Von Musik kann hier nicht die Rede sein, nicht mal wirklich von Anti-Musik. Was bei den New Blockaders zählte, war vor allem die Einstellung. Noch radikaler, negativer, nihilistischer gewesen zu sein als alle anderen, sich den Ehrentitel »Weltmeister des Krachs« umhängen zu können, das hat für Respekt in einem Genre gesorgt, in dem das reine Störgeräusch, die Annäherung an das weiße Rauschen, gefeiert wird wie anderswo ein Refrain, der sich besonders gut mitgrölen lässt.

Richard und Philip Rupenus trieben es mit dem Anti-Alles auf die Spitze. Bei Geistesverwandten des Industrial wie Throbbing Gristle oder SPK gab es trotz des Willens zu Destruktivität auch Momen­te, in denen nicht alles Hass war, Discoeinflüsse gar, oder sogar Humor und Selbstironie. Bei den New Blockaders jedoch war alles ein riesengroßes und permanent wiederholtes Anti. Von »anti-news­pa­pers, anti-magazines, anti-books, anti-music« und noch einigen »Antis« mehr ist da die Rede in ihrem »Manifesto« aus dem Jahr 1982, das mit einer gehöri­gen Portion Vulgärfuturismus aufwar­tet, die Filippo Tommaso Marinetti stolz ge­macht hätte. Vom Ende der Geschichte ist da die Rede und vom Verlangen, die Zukunft augenblicklich in die Gegenwart zu versetzen. Damals gehörten derartige Anlehnungen an den futuris­tischen Ikonoklasmus aller­dings auch einfach dazu, und zur Industrial­folklore lassen sich auch so schön klingende Sätze zählen wie: »Schreibmaschinen sollen zu Pianos werden.«

Den New Blockaders war das permanente Suchen nach eigenen Ikonen, eigenen Antihelden, nach eigenen Vertriebsstrukturen, um die es vielen Kollegen des Genres ging, zu viel Brimborium, zu viel aufgeblasene Ge­genkulturkacke, schon wieder zu nah dran an Kunst und Kunstbetrieb. Sie verlangten nach der reinen Negativität, nach Totalblockade und verorteten sich in der Nähe der Kunst­verweigerungsbewegung Neois­mus.

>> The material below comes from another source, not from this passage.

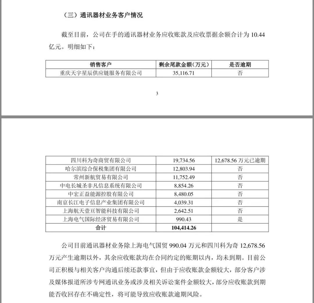 另外,江苏舜天面临的风险不止如此,除了这两笔逾期款外,彼时它共有10.44亿元的营收账款和票据,也都是通讯器材业务方面的,共涉及9家公司。虽然,当时大部分还未逾期,但也够呛能收回,因为这9家公司中,有多家被牵连进了专网通信案。

Alles sollte zerstört werden, damit etwas Neues kommt, aber wie das Neue dann konkret auszusehen habe, dieses Neue etwas genauer in ihrem »Manifesto« zu benennen, das wäre ihnen schon wieder zu konstruktiv ge­wesen.

Dass sich das Durchhören der opulenten »Viva-Negativa«-Boxen im Großen und Ganzen recht eintönig gestaltet, passt ins Konzept. Keiner der Bearbeiter hat versucht, die Grundidee der New Blockaders – Zerstörung – aufzugreifen und in etwas anderes zu über­führen. Da gibt es nicht irgendwo plötzlich einen Dancetrack oder etwas Ähnliches, es bleibt vielmehr ein schier endloses Brummen und Gesplitter, Track für Track klingt es eigentlich permanent so, als müsste man mal wieder seine Plattennadel auswechseln. Kaputtmachen im Geiste der New Blockaders ist eben auch heute noch eine bierenste Angelegenheit. Aber vielleicht lässt sich das ja auch anders sehen, irgendwie ist es ja auch ein echter Witz, ein paar vor 25 Jahren mit Bohrmaschinengeräuschen versehenen Platten, die zwei schlecht gelaunte Spinner mehr zum Privatvergnügen herausgebracht haben, heute Luxuseditionen für die Regalwand zu widmen.

Ein Witz ist es auch, dass im »Manifesto« Geschichtsschreibung noch als »Parasit« bezeichnet wurde, während »Viva Negativa!« nichts anderes im Sinn hat, als einen vergessenen Kult heute ins rechte Rampenlicht zu rücken. Ein Witz ist es auch, dass die Musik der New Blockaders in den Remixen ganz folgerichtig zerstört wird, also ganz im damaligen Geiste der Band gehandelt wird, dass dies aber letzlich nur der Beweisführung dient, wie stark eine neue internationale Noise-Gemeinde auf dem Zerstörungsgedanken alter Helden fußt. Auf die »Viva-Negativa!«-Boxen wäre Marinetti vermutlich nicht stolz gewesen.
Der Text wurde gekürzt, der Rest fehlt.